(Work request): Output exactly the lines from the first line of the records below through the line containing "午前中には、華やかな流鏑馬行", both included, leaving out any pictures.

(Supplied information Opens)

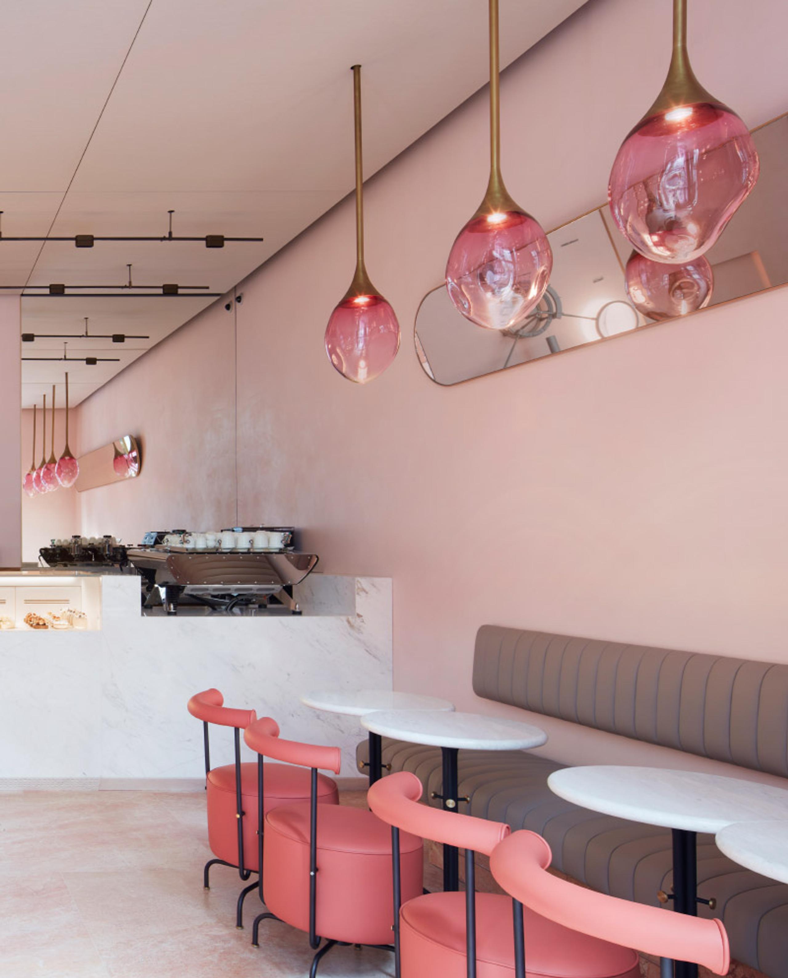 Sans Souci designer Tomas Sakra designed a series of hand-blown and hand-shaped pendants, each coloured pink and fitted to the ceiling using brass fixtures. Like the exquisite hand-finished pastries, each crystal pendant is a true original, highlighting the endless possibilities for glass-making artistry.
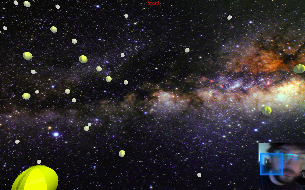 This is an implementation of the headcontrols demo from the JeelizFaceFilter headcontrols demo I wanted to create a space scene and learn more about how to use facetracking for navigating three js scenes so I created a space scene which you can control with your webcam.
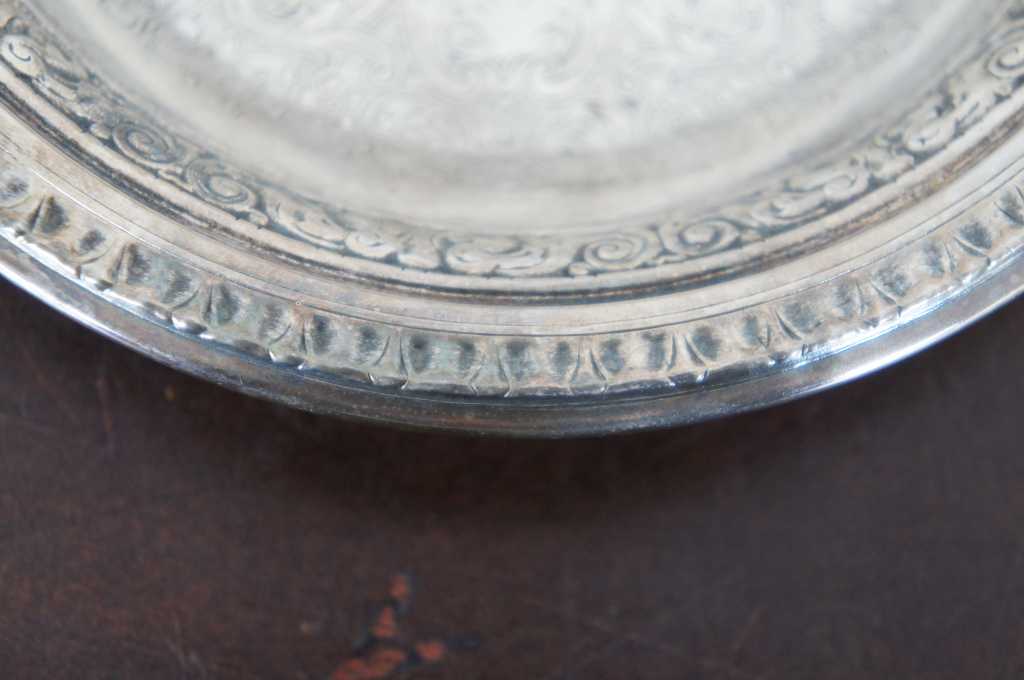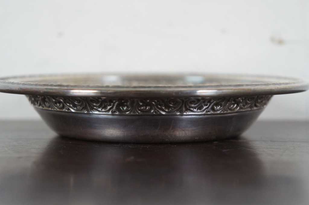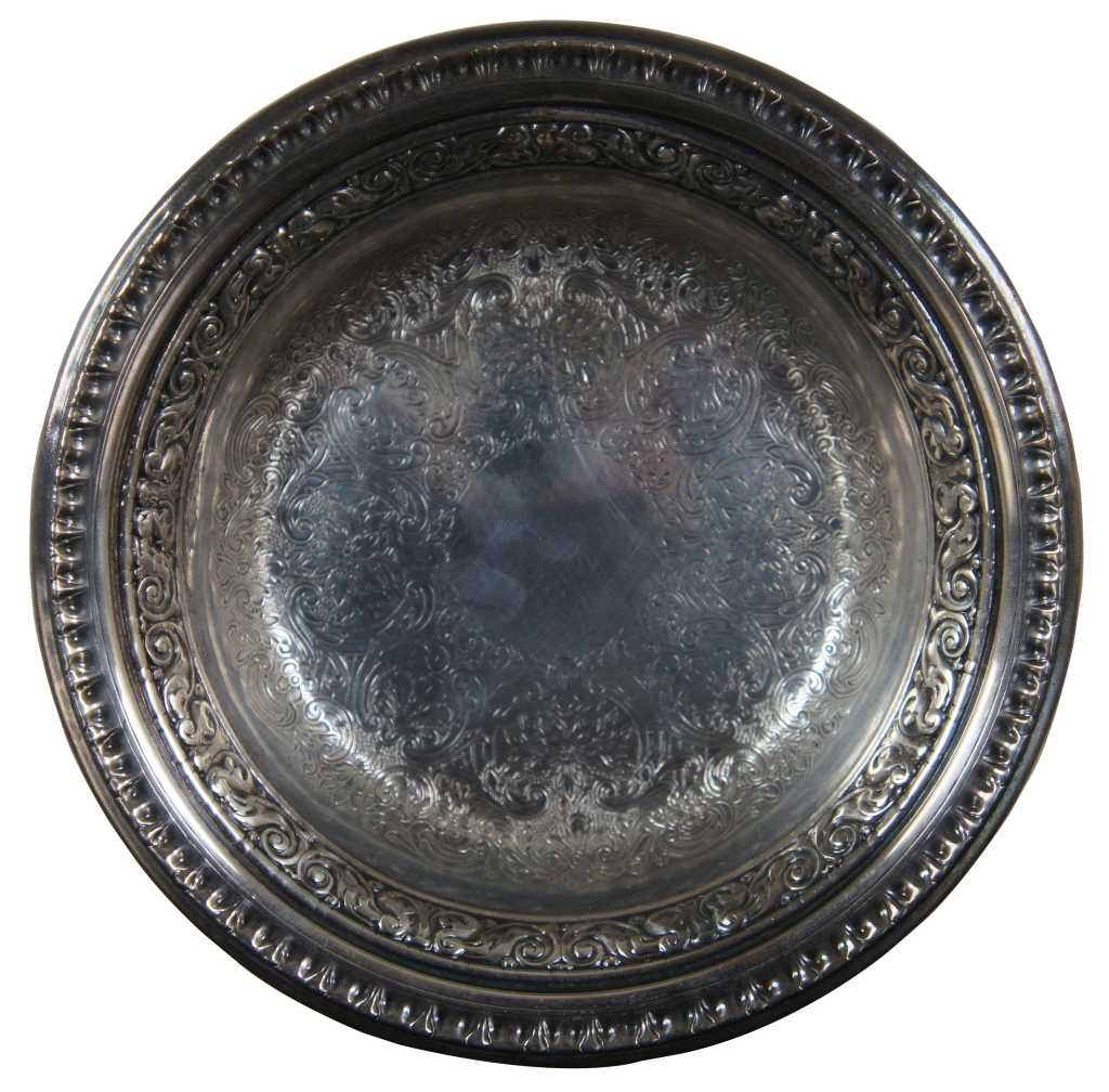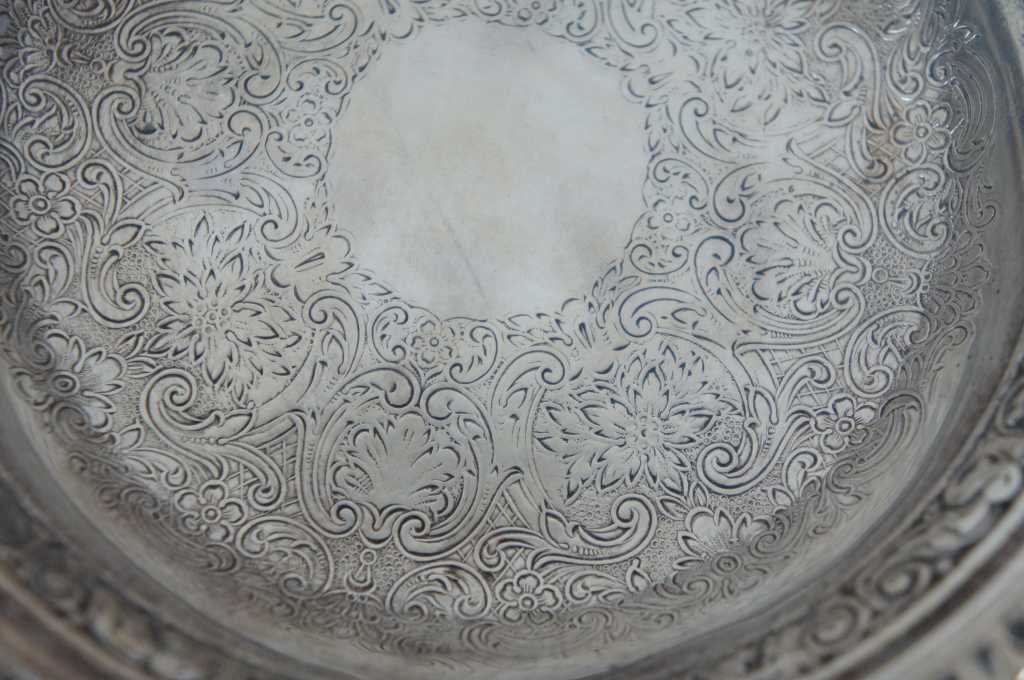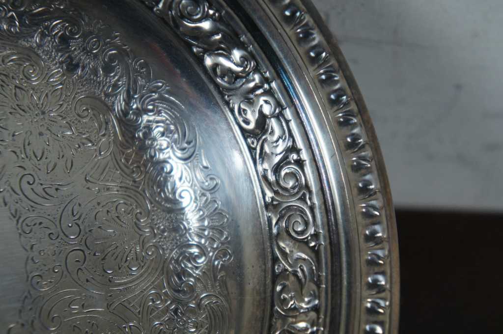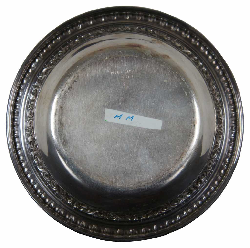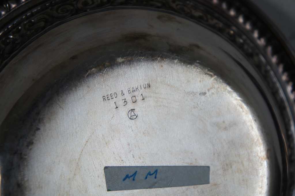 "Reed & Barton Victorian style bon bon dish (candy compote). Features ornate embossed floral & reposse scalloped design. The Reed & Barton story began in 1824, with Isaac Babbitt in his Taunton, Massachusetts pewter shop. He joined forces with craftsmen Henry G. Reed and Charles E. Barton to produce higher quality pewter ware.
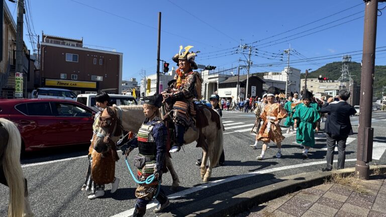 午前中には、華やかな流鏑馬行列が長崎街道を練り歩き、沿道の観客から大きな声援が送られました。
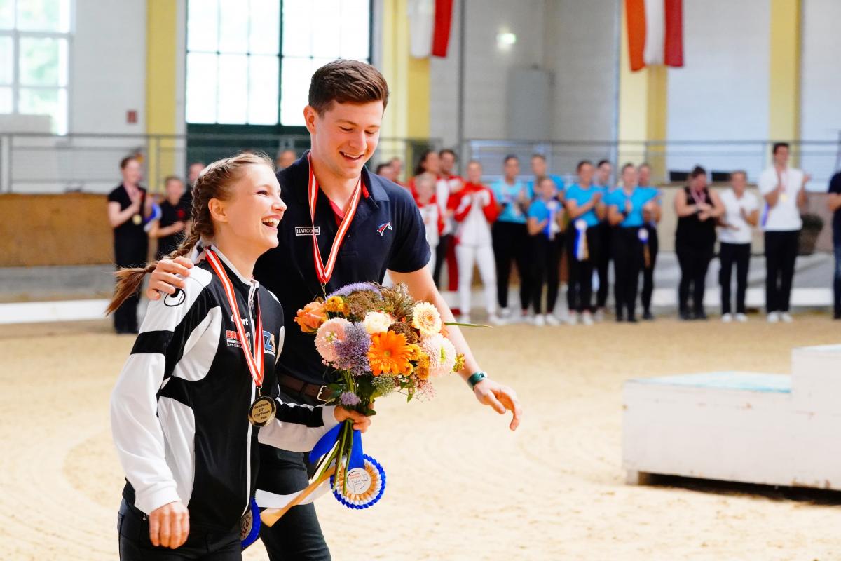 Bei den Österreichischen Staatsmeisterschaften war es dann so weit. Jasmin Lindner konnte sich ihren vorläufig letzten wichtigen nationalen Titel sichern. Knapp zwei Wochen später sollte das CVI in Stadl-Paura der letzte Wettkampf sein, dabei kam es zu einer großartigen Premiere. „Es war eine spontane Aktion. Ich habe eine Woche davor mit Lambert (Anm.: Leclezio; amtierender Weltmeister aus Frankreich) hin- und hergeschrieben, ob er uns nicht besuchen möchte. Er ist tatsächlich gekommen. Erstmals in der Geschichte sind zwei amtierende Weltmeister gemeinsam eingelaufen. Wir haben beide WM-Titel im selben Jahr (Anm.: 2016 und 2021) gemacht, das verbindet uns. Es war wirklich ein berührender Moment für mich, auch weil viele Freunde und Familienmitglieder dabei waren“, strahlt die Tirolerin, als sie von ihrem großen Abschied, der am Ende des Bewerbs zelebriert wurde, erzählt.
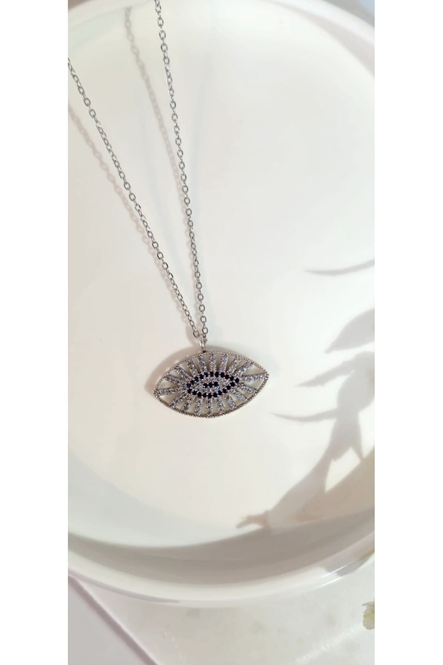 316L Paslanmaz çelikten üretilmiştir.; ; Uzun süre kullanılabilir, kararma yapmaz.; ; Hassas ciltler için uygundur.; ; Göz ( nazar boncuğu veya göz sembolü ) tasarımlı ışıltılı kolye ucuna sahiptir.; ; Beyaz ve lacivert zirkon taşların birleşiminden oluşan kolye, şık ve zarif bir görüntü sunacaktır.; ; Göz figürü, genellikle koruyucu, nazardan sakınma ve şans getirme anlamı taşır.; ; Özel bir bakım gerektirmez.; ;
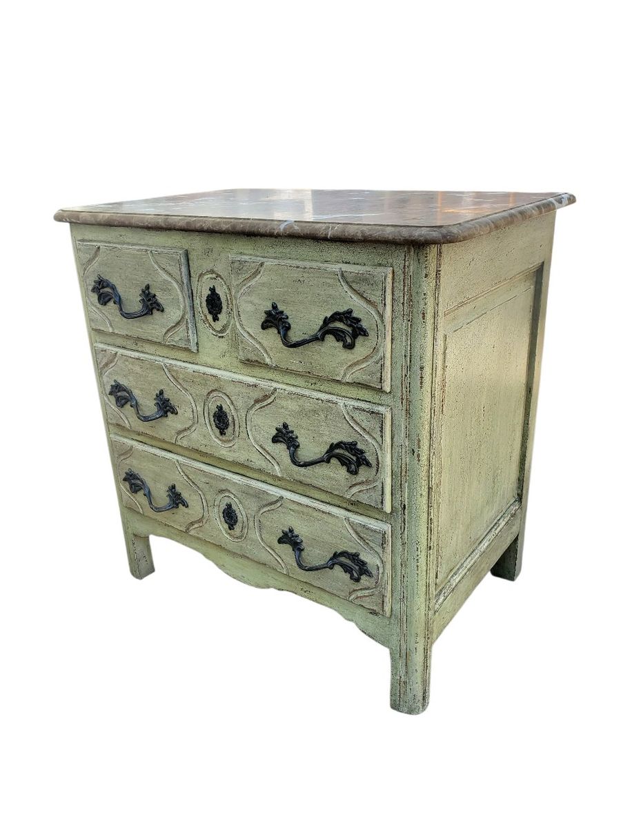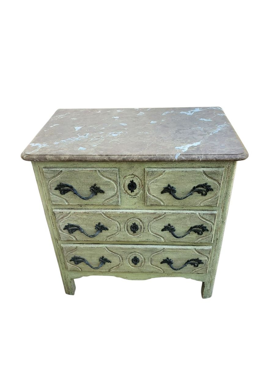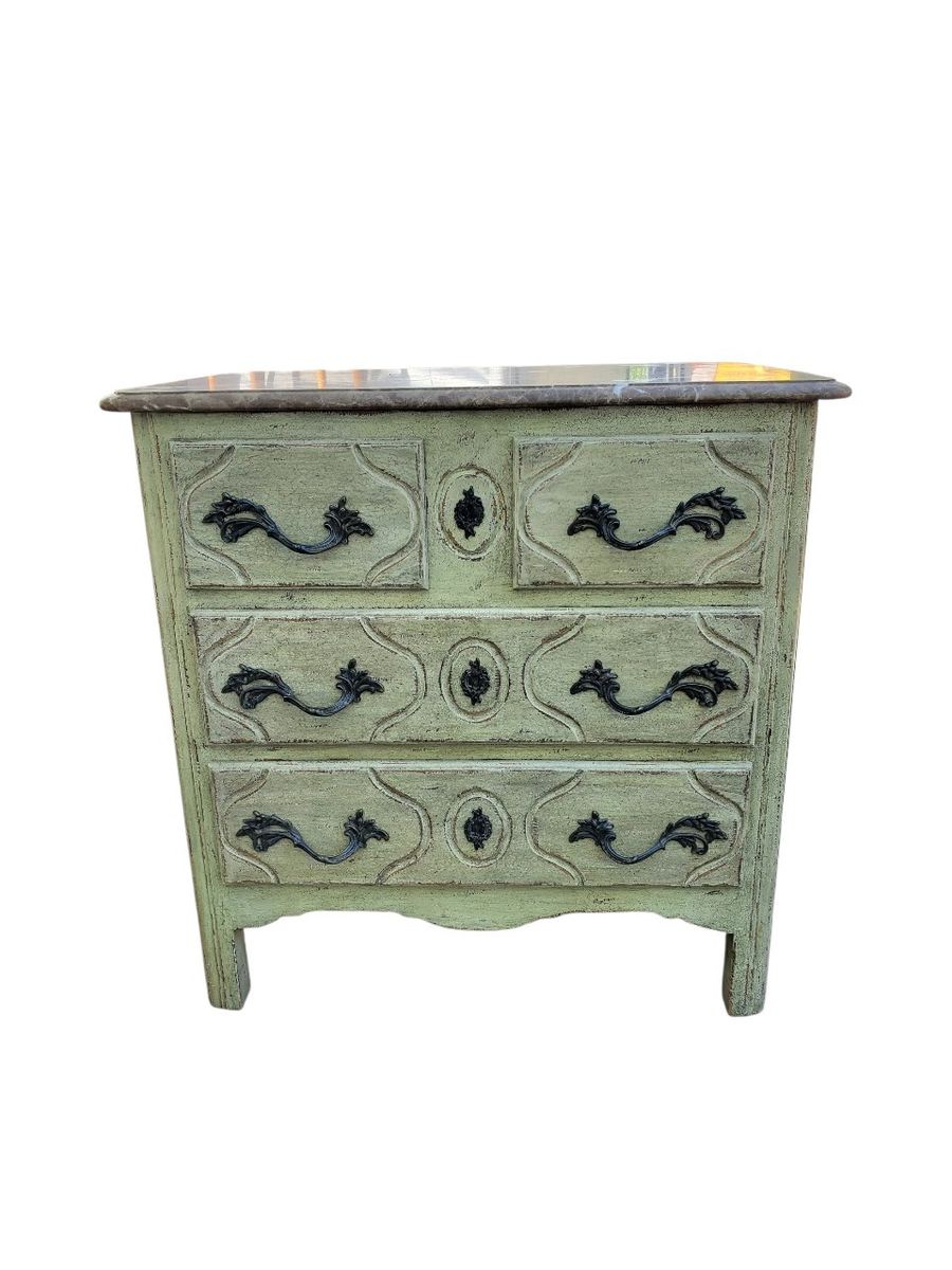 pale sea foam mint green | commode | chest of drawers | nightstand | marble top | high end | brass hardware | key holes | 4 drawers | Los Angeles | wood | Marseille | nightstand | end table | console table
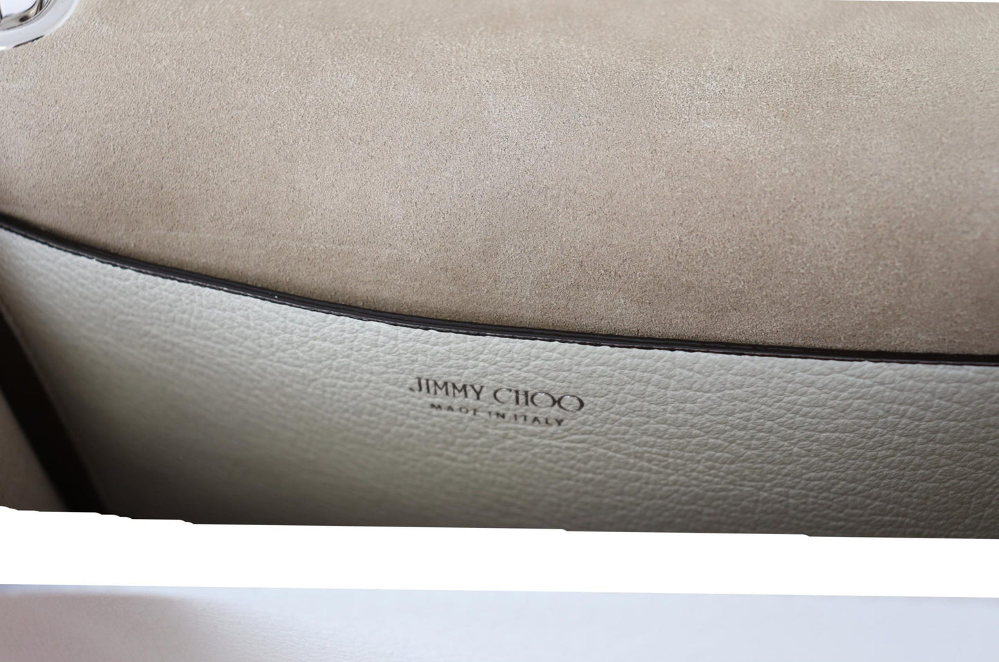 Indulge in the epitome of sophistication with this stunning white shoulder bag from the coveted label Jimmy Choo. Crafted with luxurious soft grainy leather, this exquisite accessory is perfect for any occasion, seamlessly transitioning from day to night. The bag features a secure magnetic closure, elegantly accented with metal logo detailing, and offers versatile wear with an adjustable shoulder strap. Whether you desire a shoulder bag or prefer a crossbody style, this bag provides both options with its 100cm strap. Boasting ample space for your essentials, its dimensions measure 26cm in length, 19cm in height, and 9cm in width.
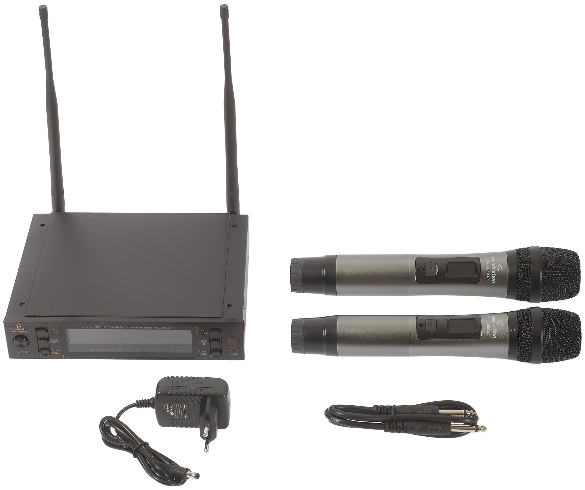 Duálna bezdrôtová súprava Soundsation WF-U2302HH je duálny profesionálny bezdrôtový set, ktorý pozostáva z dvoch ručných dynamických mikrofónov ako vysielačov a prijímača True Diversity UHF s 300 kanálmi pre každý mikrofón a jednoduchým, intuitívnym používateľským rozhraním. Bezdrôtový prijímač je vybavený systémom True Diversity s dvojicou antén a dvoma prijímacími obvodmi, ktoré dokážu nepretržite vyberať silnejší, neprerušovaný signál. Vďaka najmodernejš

(Supplied information Closes)

(Answer to this exercise):
 Sans Souci designer Tomas Sakra designed a series of hand-blown and hand-shaped pendants, each coloured pink and fitted to the ceiling using brass fixtures. Like the exquisite hand-finished pastries, each crystal pendant is a true original, highlighting the endless possibilities for glass-making artistry.
 This is an implementation of the headcontrols demo from the JeelizFaceFilter headcontrols demo I wanted to create a space scene and learn more about how to use facetracking for navigating three js scenes so I created a space scene which you can control with your webcam.
 "Reed & Barton Victorian style bon bon dish (candy compote). Features ornate embossed floral & reposse scalloped design. The Reed & Barton story began in 1824, with Isaac Babbitt in his Taunton, Massachusetts pewter shop. He joined forces with craftsmen Henry G. Reed and Charles E. Barton to produce higher quality pewter ware.
 午前中には、華やかな流鏑馬行列が長崎街道を練り歩き、沿道の観客から大きな声援が送られました。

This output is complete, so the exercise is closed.